CNC task. Is it possible to find length with this data?

[gor]

Hello.
I hope it's correct category, sorry if it's not.

Task for CNC machine to make parametric program, so with different panel sizes holes will follow same pattern.
Some simple trigonometry functions are allowed, like sin, cos but if possible it is better to avoid angles (altho not required).
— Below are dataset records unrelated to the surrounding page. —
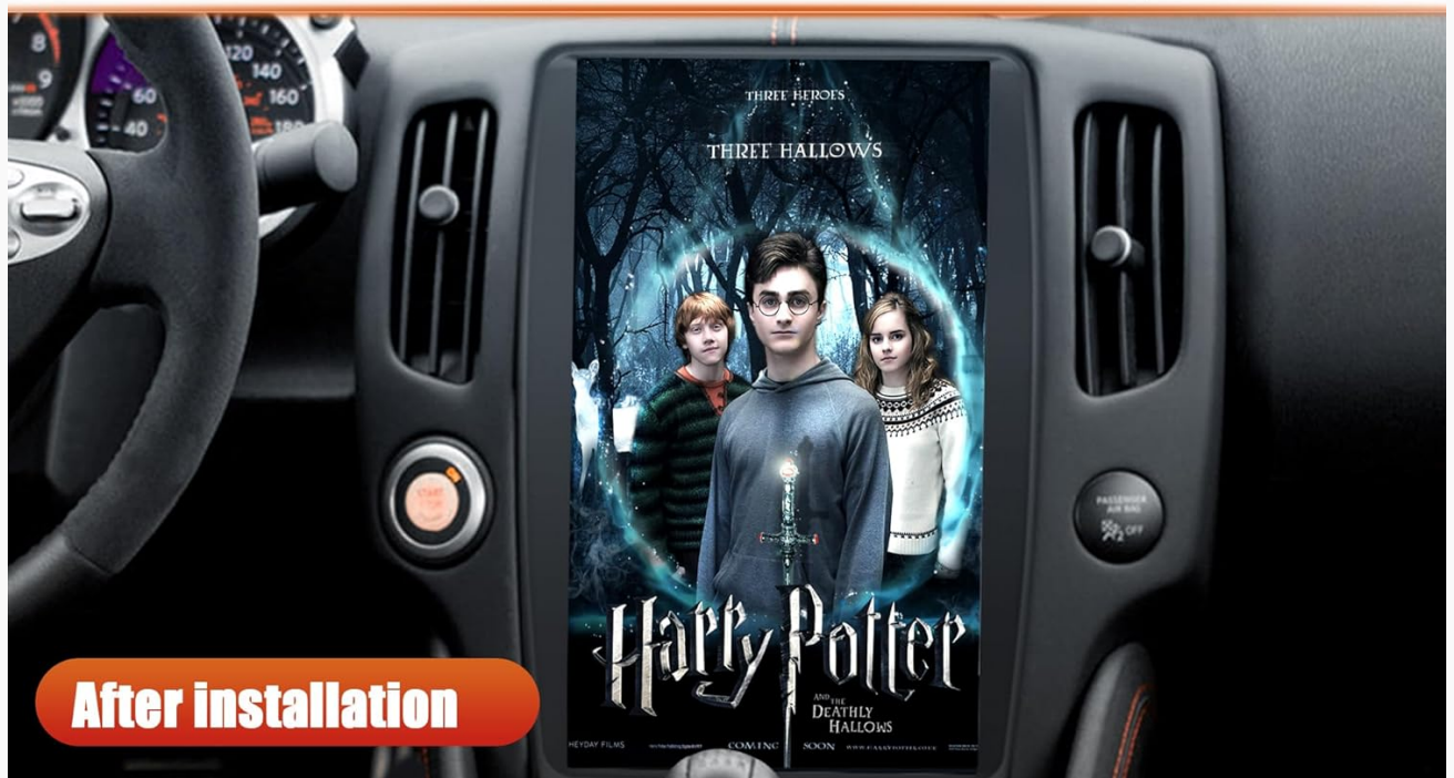
Comparison of Nissan 370Z dashboard before and after installation of the 13.6-inch AuCar head unit.

1080*1920P brings you ultimate audio-visual experience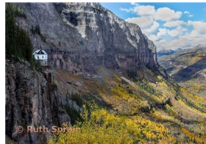
AOM Travel, Group 5 Ruth Sprain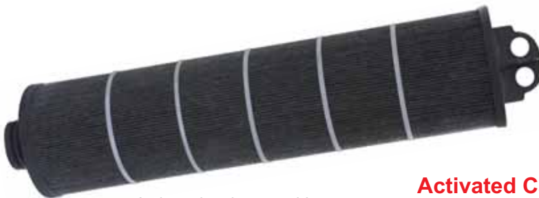
Activated carbon cartridge

Red lines are equal to each other.
Green lines are equal to each other.

Thanks in advance!

 

[Dr.Peterson]

Task for CNC machine to make parametric program, so with different panel sizes holes will follow same pattern.
Some simple trigonometry functions are allowed, like sin, cos but if possible it is better to avoid angles (altho not required).

Red lines are equal to each other.
Green lines are equal to each other.
View attachment 36443
Thanks in advance!

Here's a little hint, assuming that the holes are meant to be forming squares at a 45 degree angle:

​

What is the length of (?), in terms of B and D?

Then Y = 2B + D + 3*that. You can solve for B.

 

[gor]

Read carefully, panel size can be changed, it's very rare case for a square to be there.

 

[blamocur]

No trigonometry but you can blame Pythogoras for square roots . Let [imath]s[/imath] be the distance between the horizontal rows.
[math]s^2 + \frac{1}{4} (A+D)^2 = (B+D)^2[/math][math]2B + 3s = Y[/math][math]s = \frac{1}{2}\sqrt{4(B+D)^2 - (A+D)^2}[/math][math]B = \frac{Y-3s}{2}[/math]

 

[blamocur]

I hate to admit that my previous post was both incomplete and incorrect . Upon crawling out of the corner I came up with the solution below.
While still using [imath]s[/imath] for the distance between the horizontal rows, we also introduce a couple of variables to keep the expressions from getting too hairy:
[math]f = \frac{A+D}{2} = \frac{X+D}{12}[/math][math]g = Y-D[/math]We can write two equations with uknowns [imath]s[/imath] and [imath]B[/imath]:
[math]s^2 + f^2 = (B+D)^2[/math][math]2B + 3s = Y - D = g[/math]Now we can eliminate [imath]s[/imath] and end up with a single quadratic equation for [imath]B[/imath]:
[math]s = \frac{g-2B}{3}[/math][math]s^2 = (B+D)^2 - f^2 = \frac{1}{9}(g-2B)^2[/math][math]B^2 + 2BD + D^2 - f^2 = \frac{4}{9}B^2 - \frac{4}{9}gB + \frac{1}{9} g^2[/math][math]\frac{5}{9} B^2 + \left(2D + \frac{4}{9}g \right) B + \left(D^2 - f^2 - \frac{1}{9} g^2 \right) = 0[/math]Time to find [imath]B[/imath] from the above quadratic equation:
[math]B = \frac{-Q + \sqrt{Q^2-4PR}}{2P}[/math]where
[math]P = \frac{5}{9}[/math][math]Q = 2D + \frac{4g}{9}[/math][math]R = D^2-f^2-\frac{1}{9}g^2[/math]
To verify those formulae I wrote a quick-and-dirty script, which generated pictures like the one below:

 

[gor]

Spoiler

I hate to admit that my previous post was both incomplete and incorrect . Upon crawling out of the corner I came up with the solution below.
While still using [imath]s[/imath] for the distance between the horizontal rows, we also introduce a couple of variables to keep the expressions from getting too hairy:
[math]f = \frac{A+D}{2} = \frac{X+D}{12}[/math][math]g = Y-D[/math]We can write two equations with uknowns [imath]s[/imath] and [imath]B[/imath]:
[math]s^2 + f^2 = (B+D)^2[/math][math]2B + 3s = Y - D = g[/math]Now we can eliminate [imath]s[/imath] and end up with a single quadratic equation for [imath]B[/imath]:
[math]s = \frac{g-2B}{3}[/math][math]s^2 = (B+D)^2 - f^2 = \frac{1}{9}(g-2B)^2[/math][math]B^2 + 2BD + D^2 - f^2 = \frac{4}{9}B^2 - \frac{4}{9}gB + \frac{1}{9} g^2[/math][math]\frac{5}{9} B^2 + \left(2D + \frac{4}{9}g \right) B + \left(D^2 - f^2 - \frac{1}{9} g^2 \right) = 0[/math]Time to find [imath]B[/imath] from the above quadratic equation:
[math]B = \frac{-Q + \sqrt{Q^2-4PR}}{2P}[/math]where
[math]P = \frac{5}{9}[/math][math]Q = 2D + \frac{4g}{9}[/math][math]R = D^2-f^2-\frac{1}{9}g^2[/math]
To verify those formulae I wrote a quick-and-dirty script, which generated pictures like the one below:
View attachment 36469

I forgot about this thread and opened it by accident ?
Would be unforgivable if so much work was just wasted, ty.
I'll not check it since originally it's not my question but I shared it to a person who asked the question, if he'll see it I'll report back or maybe he will do it
Ty one more time.

(power of internet is amazing)